**EXERCISE REQUIREMENTS**
Print, please, exactly the lines from the one with "吉林省软件和信息服务业最具品牌价值企业-2017" through the final line of the data below, with both ends included and the pictures left out.

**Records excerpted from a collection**
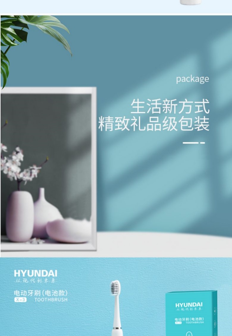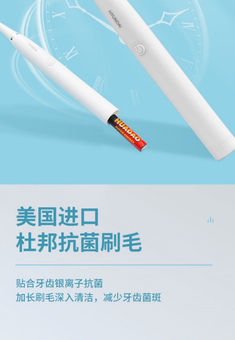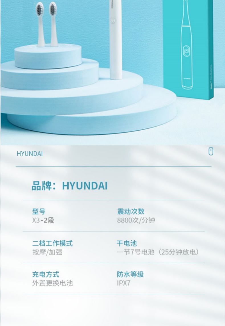 商品名称:HYUNDAI/现代电动牙刷电池款配3个刷头X3
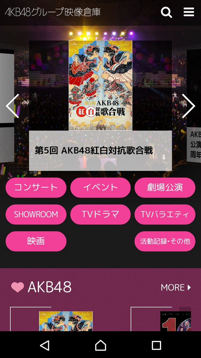 ▲「AKB48グループ映像倉庫」画面イメージ(モバイル)
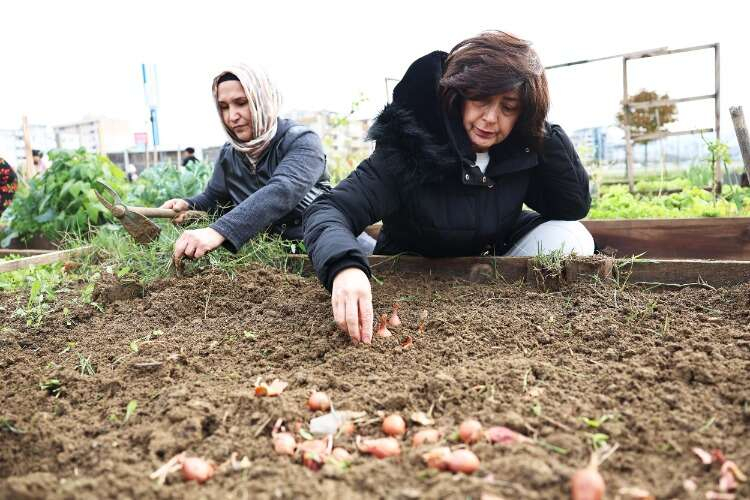 Nilüfer Belediyesi, kent merkezinde yükselen binaların arasında kurduğu bostanlara, fide ve tohum desteği yapıyor, sulamasını gerçekleştiriyor ve mahalleliye devrediyor.
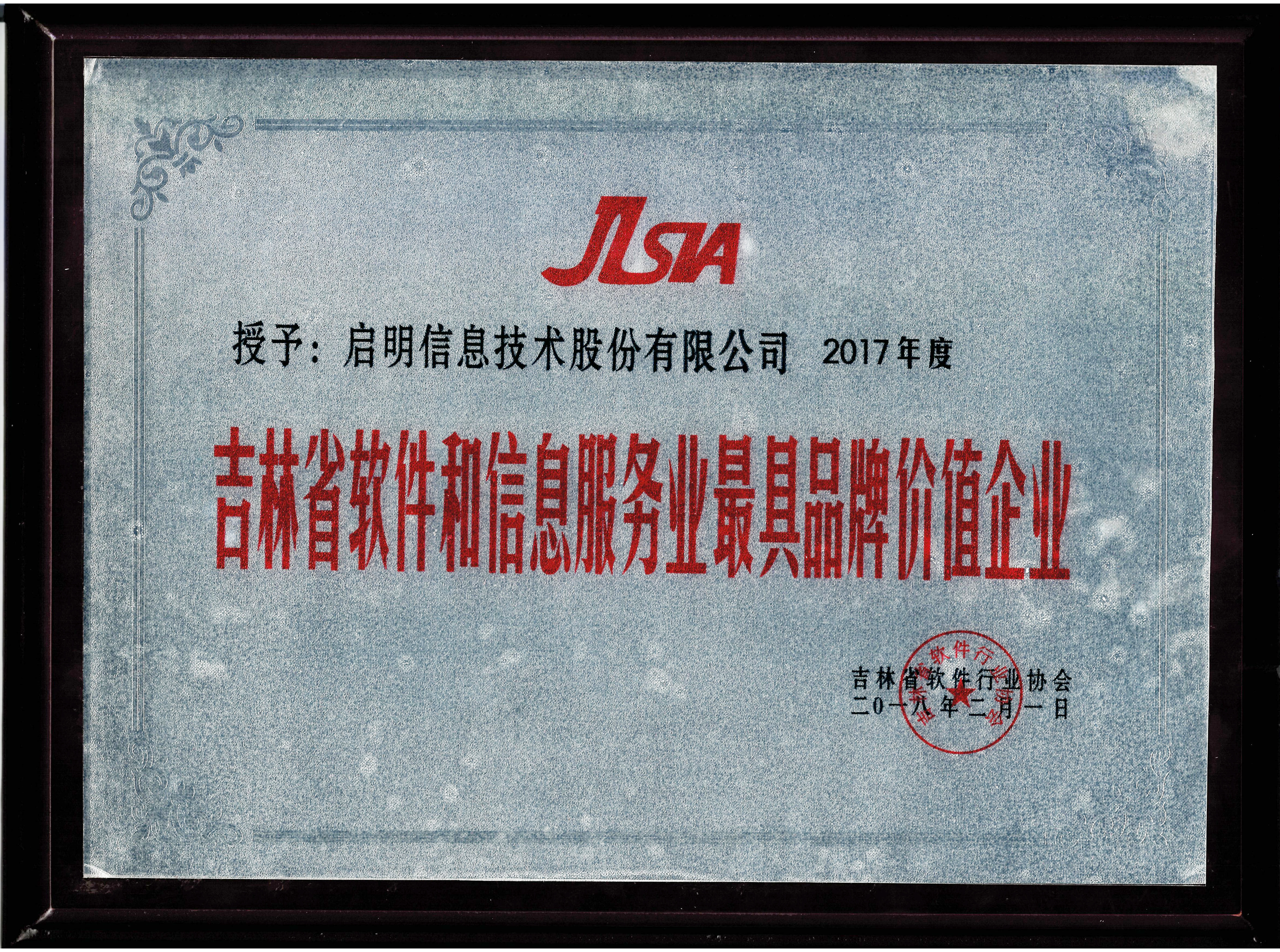 吉林省软件和信息服务业最具品牌价值企业-2017
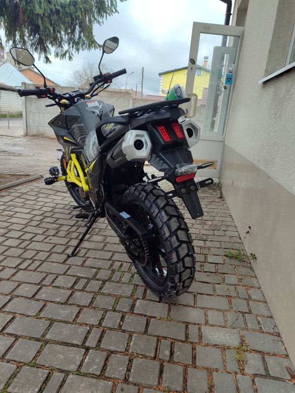 Розмір передніх шин: Дорожня гума: 110/90-17 Шини для бездоріжжя: 4.60-17. Розмір задніх шин: Дорожня гума: 130 / 80-17 Шини для бездоріжжя: 5.1-17 дюймів.

**SOLUTION TO THIS PROBLEM**
 吉林省软件和信息服务业最具品牌价值企业-2017
 Розмір передніх шин: Дорожня гума: 110/90-17 Шини для бездоріжжя: 4.60-17. Розмір задніх шин: Дорожня гума: 130 / 80-17 Шини для бездоріжжя: 5.1-17 дюймів.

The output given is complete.